У него был план заехать в арабский Хеврон на ленч — до того места было минут двадцать, если срезать путь по холмам. Он сказал, что мы можем взять машину Липмана. Мордехай с четырьмя другими поселенцами отправились сегодня рано утром в Вифлеем. За последние несколько недель там не раз вспыхивали беспорядки — столкновения между несколькими местными арабами и евреями, жителями небольшого нового поселения, заложенного на склоне холма за городом. Два дня назад арабы забросали камнями ветровое стекло школьного автобуса, в котором находились дети евреев, жителей этого нового поселения, и тогда все жители близлежащих поселений из Иудеи и Самарии, которых собрал и возглавил Мордехай Липман, отправились разбрасывать листовки на рынке в Вифлееме. Если бы не мой приезд, Генри прервал бы свои занятия и присоединился к ним.

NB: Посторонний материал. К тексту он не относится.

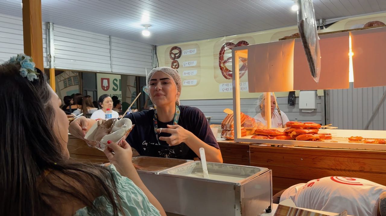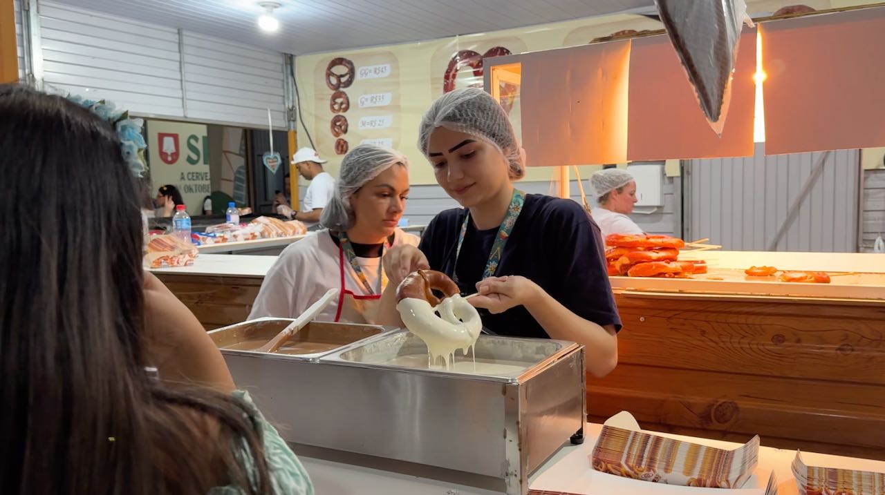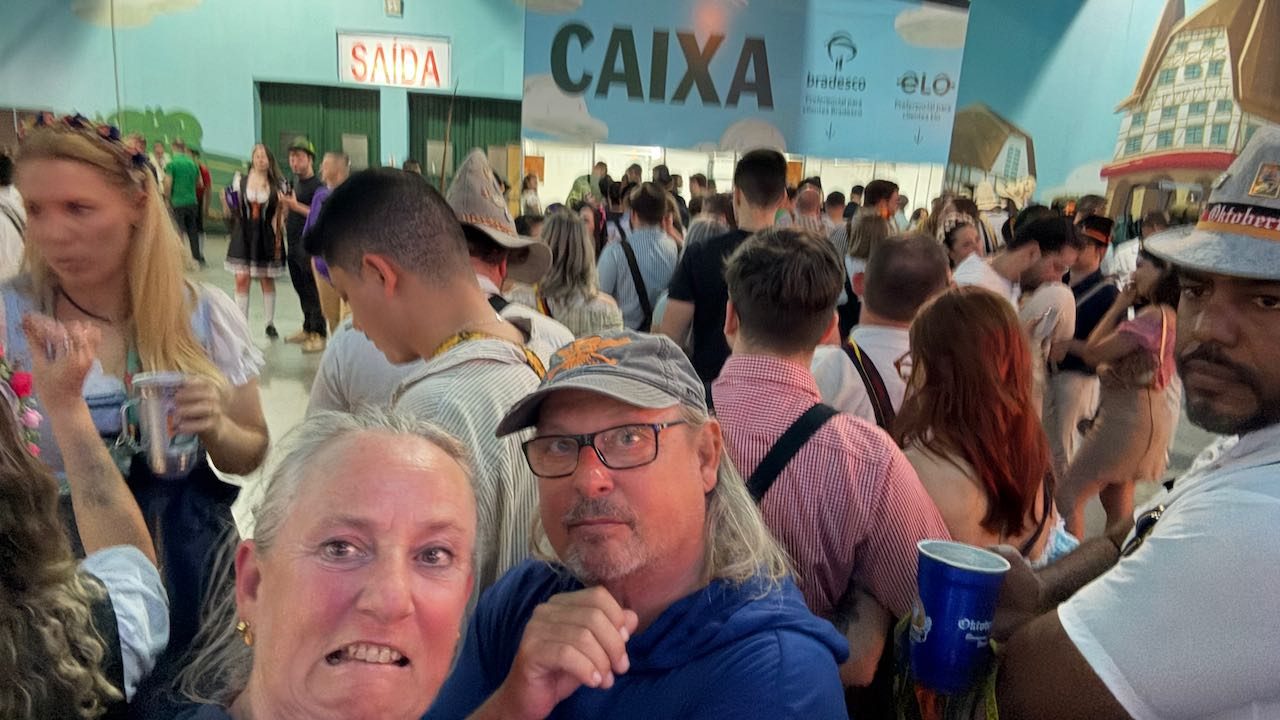 Unser Guthaben auf der Oktoberfestkarte ist leer, Schlange stehen vor der Caixa um sie wieder aufzuladen.

— А что написано в листовках? — спросил я.
— Там говорится: «Почему ваш народ не хочет жить с нами в мире, если мы не желаем вам зла? Только единицы из тысяч ваших собратьев являются крайними экстремистами. Остальные — это миролюбивые люди, которые верят, так же как и мы, что евреи и арабы могут жить в добром согласии». Такова общая идея.
— Общая идея звучит необыкновенно привлекательно. А как это должны понимать арабы?
— Они должны понимать то, что там написано черным по белому: мы не желаем им зла.
Не «я» — «мы». Вот как далеко зашел Генри.
— Мы проедем через арабскую деревню — это совсем рядом. Ты увидишь, что те, кто хочет жить спокойно, живут в мире с евреями. Арабы и евреи существуют здесь бок о бок, буквально в двух сотнях ярдов друг от друга. Они приходят сюда покупать у нас яйца. Мы буквально за гроши продаем им кур, ставших слишком старыми, чтобы нестись. Это место может быть домом для всех. Но если будут продолжаться акты насилия против еврейских детей, мы предпримем шаги, чтобы остановить их. Завтра сюда могут вступить армейские подразделения и убрать всех, кого они сочтут зачинщиками беспорядков, и тогда через пять минут арабы прекратят кидаться камнями. Но их не остановить. Они кидаются камнями даже в солдат. А если солдат в ответ не принимает никаких мер, знаешь, что думают арабы? Они думают, что ты — шмук, ты и есть шмук. В любом другом месте на Ближнем Востоке только попробуй бросить камнем в солдата — знаешь, что он сделает? Он пристрелит тебя на месте. Но совершенно неожиданно для себя арабы выясняют, что здесь, в Вифлееме, ты можешь безнаказанно бросить камень в солдата: он не застрелит тебя. Он ничего тебе не сделает. Вот тут-то и начинаются неприятности. И не потому, что мы жестоки, а потому, что они считают нас слабаками. Здесь приходится совершать не очень-то приятные поступки. Они не уважают тебя, если ты относишься к ним по-доброму, они не уважают слабость. Араб уважает только силу.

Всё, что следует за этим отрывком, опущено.